Well...technically no I haven't but I do question my sexuality sometimes. Although I've been with girls, there's a part of me (ie. a kind of "fantasy") that makes me feel like I'd wanna get with a guy. But to be honest, if so, I'd prefer both at the same time. Maybe I'm a sick fuck, but that's what I've always thought.
No, nothing sick about that at all. Sexual fantasies, experimentation and exploration, that's part of what makes sex so great and so powerful. It's completely natural and normal to fantasize about different sexual activities and situations. Everyone does it but not everyone is man/woman enough to admit it.

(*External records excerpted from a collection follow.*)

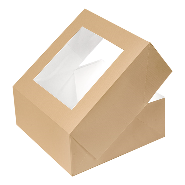 Kraft brown card self errecting boxes made from nano-micro flute corrugated board to ensure additional strength and rigidity to the box, adding further protection for your cakes.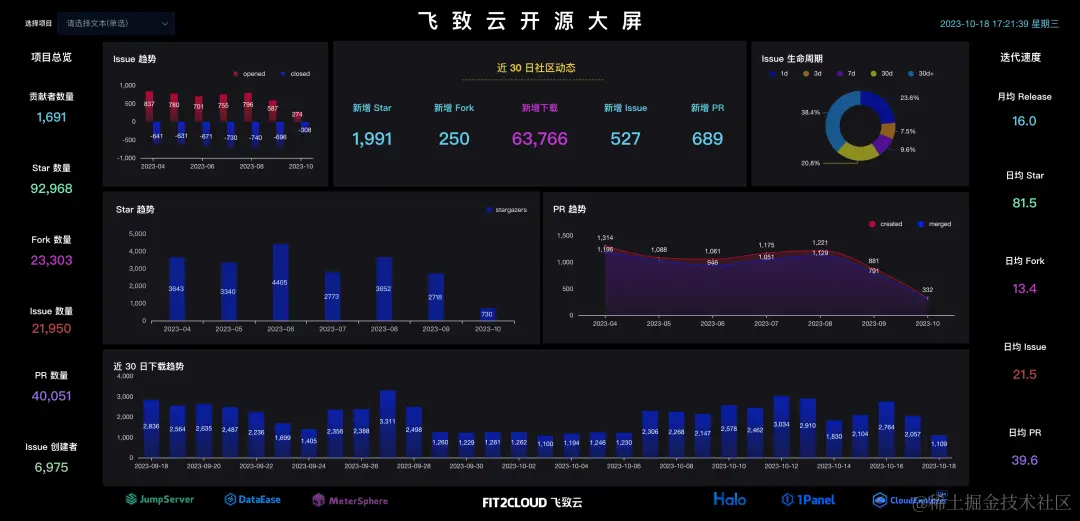 ■ 飞致云开源大屏:展示了飞致云旗下多款开源产品的GitHub数据。除了可以在官网访问飞致云开源大屏外,市场部也会按月导出该大屏,并将其发布到《飞致云开源社区月度动态报告》中。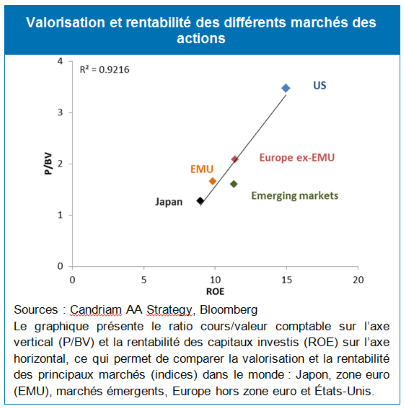 À l’heure actuelle, la valorisation des actions américaines reste attrayante par rapport aux obligations, mais elle l’est un peu moins par rapport aux niveaux historiques. La prime des actions américaines a été bien méritée mais sa marge de progression est maintenant réduite.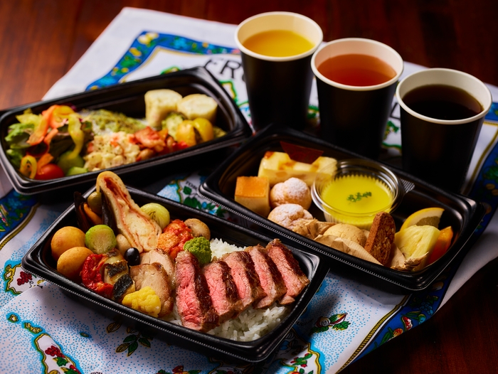 お部屋で気兼ねなく楽しみたい方や小さな方にオススメのテイクアウトボックスをご用意。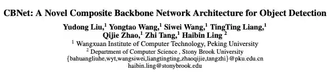 分享一篇前几天新出的论文CBNet: A Novel Composite Backbone Network Architecture for Object Detection,文中提出一种新型特征融合算法,有效提升了目标检测和实例分割精度,CBNet配以Cascade RCNN取得了COCO 数据集 mAP 53.3 的新高度!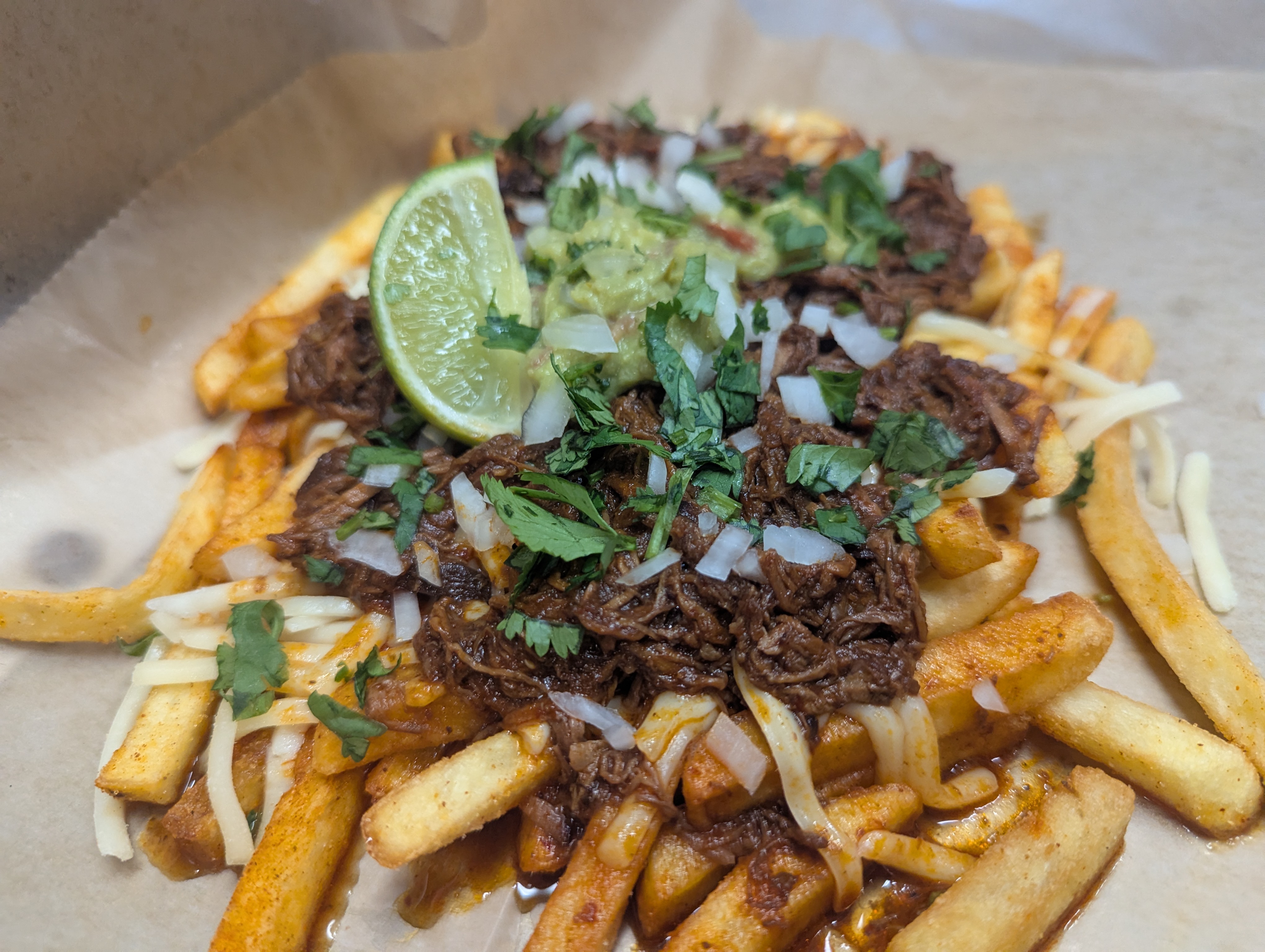 Fresh fries loaded with jack cheese, slow braised Mexican spiced Birria, onion, and fresh limes

A guy and a girl at the same time sounds hot to me...........and I've done it, once. It was fun, because you get the best of both worlds at the same time, what's better than that! The best thing to do with sexual fantasies is not psych yourself out about anything you feel. Just roll with it and let things come naturally. Don't pressure yourself about it. Just have fun and live your life to the fullest without restrictions (within sanity, of course).
Dunno, I just think it would be really interesting (ahem) to try various ways of intercourse via different genders. Except I don't really see myself as completely bi. Probably an uneven, lopsided ratio between gay:bi:straight -- I think the inverse of how you feel about your orientation.
Sexuality is a continuum anyway, so this makes sense. You'd be like an 8 on a scale of 10 with 10 being heterosexuality. Most people fall in between 1-10. At the end of the day, the way I see it is, human beings are human beings. I like people based on their hotness and personality, and hot is hot regardless of gender. We're all humans so why not enjoy one another's bodies, sensuality and sexuality? Instead of creating barriers solely because what is in between the legs.
Here's a truthful story. When I was at school back like probably since 2006-2007 there's this guy who, once I made fun of because of his orientation (I thought he was gay, but I learn that he's bi), but I eventually thought that he was kinda "hot" so I thought I'd become friends with him. Maybe it's because he acts sorta feminine and is quite compassionate, I dunno
. Course no fucking way we would form a relationship directly because I'd get expelled from the school, but we never come across something like this. He hangs out with a bunch of other gay guys (they actually are), and while I appreciate them being around, I didn't fancy any of them except him. We exchange hugs and raunchy jokes sometimes, and we helped each other with homework. When he's around, I get that same butterfly feeling in my stomach as I do when I get with girls. So I thought maybe I'm bi? But yeah I dunno. Anyways after we completed school, we don't really communicate anymore. But yeah I felt really down, and I gotta say a bit regretful of not doing more than saying farewell. I still think about him sometimes even to this day. Well yeah there you go. Not much else to say. It's only for that guy though, however when I see guys that look like him, I get that same feeling
. At the end of the day, I wish I got to know him better. I'll also admit I had dreams about him for a few weeks at one point. It was a strange eye-opener for me, but I can't lie and say I didn't enjoy those moments. Anyways best wishes to him, he'd be a fantastic lover for whoever he gets.
Well, I think we can say that you already know what type of guys you're into
Fem gay/bi guys, I can understand why you like them. A lot of guys who identify as straight take a liking to feminine gay/bi men. Because it's sort of a mix between the masculine and feminine energies. Straight men like masculine energy. That may seem like a weird statement, but most men tend to have other men as comrades and best friends, right? Well, combine that with the things that attract straight men to women. Softness, sensitivity, compassion, understanding. You felt comfortable with him and gained an emotional connection towards the bisexual guy. You felt secure with him, he made you feel good and his presence made you happy. And, I'm guessing he had very defined features, in-shape, slim body, well-kept, cute appearance, so combine the two, and there you go, you have a crush. Just because he's a guy doesn't mean you can't be attracted to him, you know, at least on an emotional level, that's where the butterflies come in. Don't worry about the labels. Being younger you probably weren't ready to pursue something like that, but now that you're a little older, don't be afraid or insecure to act on what you're feeling.